Weekly Wire
Austin Chronicle Trippin'

By Sarah Hepola

MAY 24, 1999: 

D: David Hubbard; with Deon Richmond, Donald Adeosun Faison, Maia Campbell, Guy Torry, Aloma Wright, Harold Sylvester, Bill Henderson, Michael Warren. (R, 92 min.)

In the mind of teenager Gregory Reed (Richmond), the world is a hoochie cake and he'd best get to eating. At breakfast, during class, in the hallway, this sweet, likable high school senior is trippin', off in a montage of MTV fantasy, where he is a real G, bumpin' booties with stacked women, delivering his spoken word rap "Bitch, Don't Be Messin' Wit' My Shit" to a swooning crowd, fending off a swarm of eager college scouts. His well-meaning parents are dogging him to "get those college applications in," but Greg prefers the solace of his fantasies, and the mind-numbing company of his pimp-wannabe friends, June and Fish. Welcome to the black version of John Hughes High -- just as predictable, just as improbable, just as fantasy-filled, and probably just as funny.

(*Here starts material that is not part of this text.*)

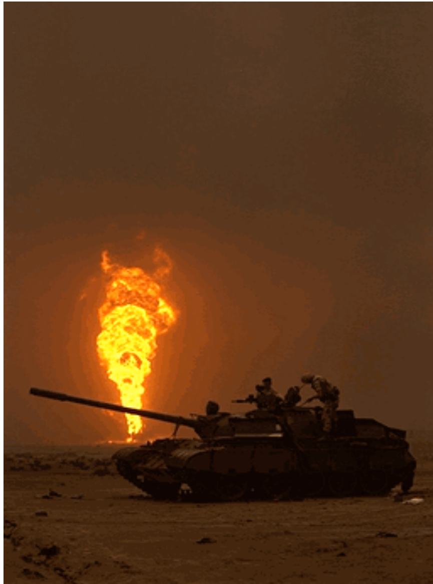
25/3/91 Al Maqwa, Kuwait

In 1991, the U.S. launched Operation Desert Storm, a massive invasion against Iraq. During the six-week long invasion, 1000 bombing runs were made per day, 250,000 people were massacred, and Iraq's infrastructure was left in ruins. Ammunition rounds used in combat contained depleted uranium, a heavy and dense metal made from spent nuclear fuel. Low levels of radiation in the metal can become extremely toxic after weapons are fired, and the radioactive material gets dispersed into the air and dust. Depleted uranium has been linked to increased cancer rates in both the Iraqi population and in Gulf-War veterans.

But then why did director Hubbard and screenwriter Gary Hardwick have to go and make it so insulting, too? Hardwick's story, like most teen comedies these days, is about as nutritious as soggy Wonder Bread, and although laced with a few genuinely funny, although crass, moments, what makes this film particularly heinous is its blind hypocrisy in embracing everything it seems to be against. Greg eventually trades in the fantasy of his rap-star dream world -- money, cash, ho's -- for the fantasy of Hardwick's Hollywood happy ending, in which he finishes off the senior prom by slammin' all night with his gorgeous walking wet dream Cinny (Campbell). We're supposed to see this as a good thing since, as Greg's Louis Gossett, Mercedes-driving teacher Mr. Shapir (Warren) has told us, Cinny is one of the most remarkable students to ever walk these halls. Yeah, right. So what have we learned? Well, kids, it seems just a smidgen of ambition can get you into the best all-black college (named here Morehoward), and the best-looking, smartest girl in school can be yours through calculated lies and a few bold moves at prom. Come on. Maybe I'm taking this all too seriously. Maybe it's just the same old clichés all in the name of entertainment. Or maybe this reviewer is just a bit tired of feeding the fantasies of kids who wanna be pimps, of seeing happy endings involving slammin' all night, and of lazy, limply written tripe trying to pass as harmless entertainment.